◆ **EXERCISE DIRECTIONS**:
Every line below from the one with "Coach shoulder bag." through the one with "11. Measure the" should be retyped exactly, both ends included; no other lines and no pictures.

◆ **INFORMATION**:
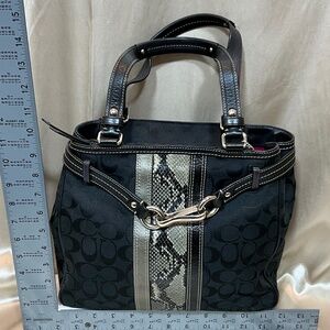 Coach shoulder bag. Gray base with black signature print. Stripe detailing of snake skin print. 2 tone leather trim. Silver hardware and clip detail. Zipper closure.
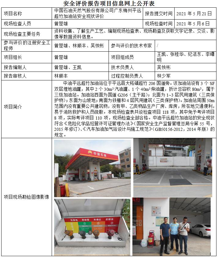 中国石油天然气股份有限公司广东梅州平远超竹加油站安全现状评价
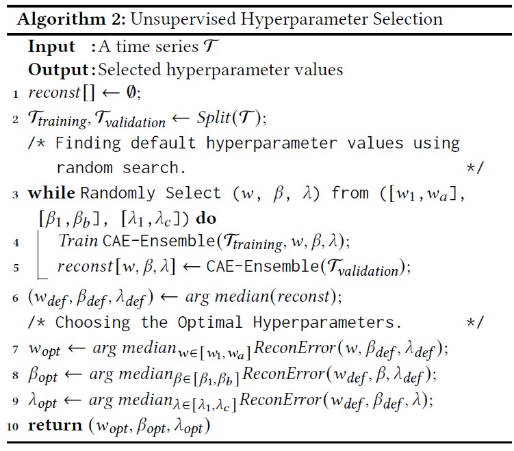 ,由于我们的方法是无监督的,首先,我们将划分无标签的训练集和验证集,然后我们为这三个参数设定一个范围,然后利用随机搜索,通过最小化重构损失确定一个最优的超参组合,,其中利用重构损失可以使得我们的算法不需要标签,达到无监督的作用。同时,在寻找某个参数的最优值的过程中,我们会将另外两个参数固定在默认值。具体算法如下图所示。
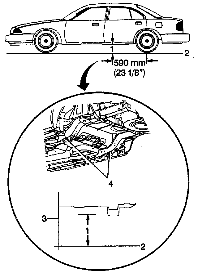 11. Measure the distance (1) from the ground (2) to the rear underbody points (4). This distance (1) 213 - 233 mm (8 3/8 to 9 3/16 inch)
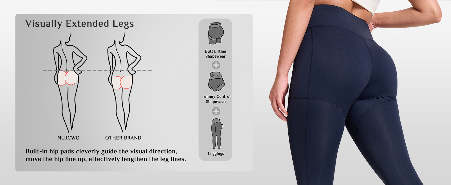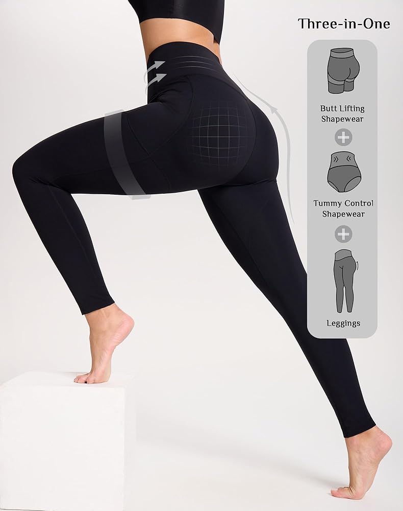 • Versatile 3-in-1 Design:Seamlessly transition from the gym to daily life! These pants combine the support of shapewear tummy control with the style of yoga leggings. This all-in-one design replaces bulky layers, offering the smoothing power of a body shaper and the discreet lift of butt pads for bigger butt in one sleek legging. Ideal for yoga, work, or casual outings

...

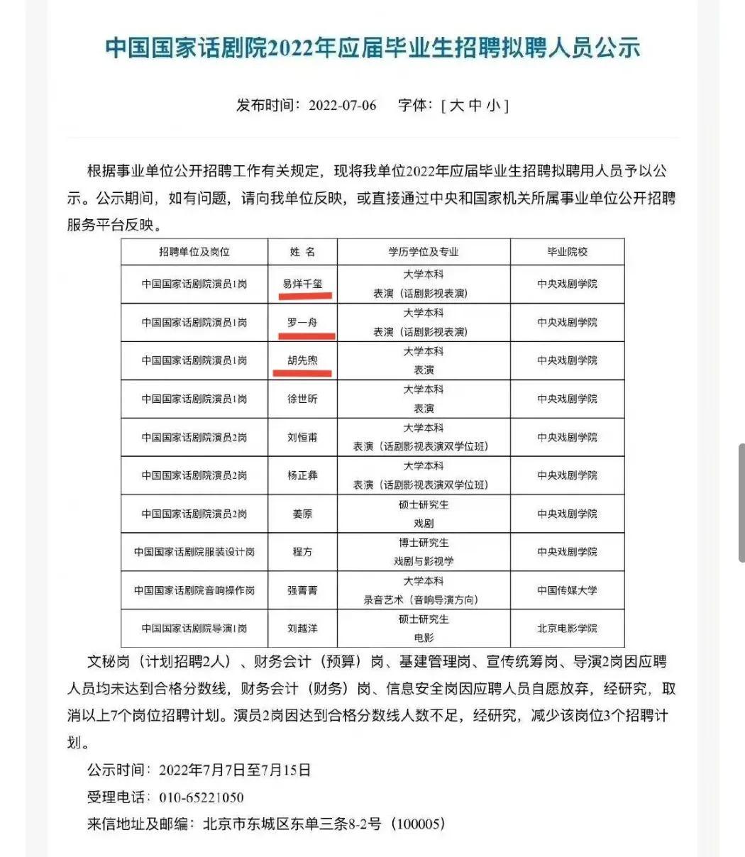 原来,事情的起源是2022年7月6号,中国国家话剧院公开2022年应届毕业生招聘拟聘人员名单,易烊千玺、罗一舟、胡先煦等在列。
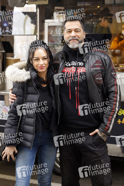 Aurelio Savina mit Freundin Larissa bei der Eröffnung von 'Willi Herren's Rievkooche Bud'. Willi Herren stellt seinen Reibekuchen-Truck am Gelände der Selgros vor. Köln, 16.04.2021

* * *

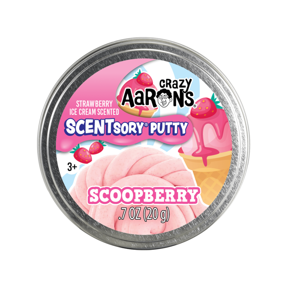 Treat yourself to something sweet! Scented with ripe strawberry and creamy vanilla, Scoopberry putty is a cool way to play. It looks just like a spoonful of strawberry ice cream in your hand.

◆ **RESPONSE TO THE EXERCISE**:
 Coach shoulder bag. Gray base with black signature print. Stripe detailing of snake skin print. 2 tone leather trim. Silver hardware and clip detail. Zipper closure.
 中国石油天然气股份有限公司广东梅州平远超竹加油站安全现状评价
 ,由于我们的方法是无监督的,首先,我们将划分无标签的训练集和验证集,然后我们为这三个参数设定一个范围,然后利用随机搜索,通过最小化重构损失确定一个最优的超参组合,,其中利用重构损失可以使得我们的算法不需要标签,达到无监督的作用。同时,在寻找某个参数的最优值的过程中,我们会将另外两个参数固定在默认值。具体算法如下图所示。
 11. Measure the distance (1) from the ground (2) to the rear underbody points (4). This distance (1) 213 - 233 mm (8 3/8 to 9 3/16 inch)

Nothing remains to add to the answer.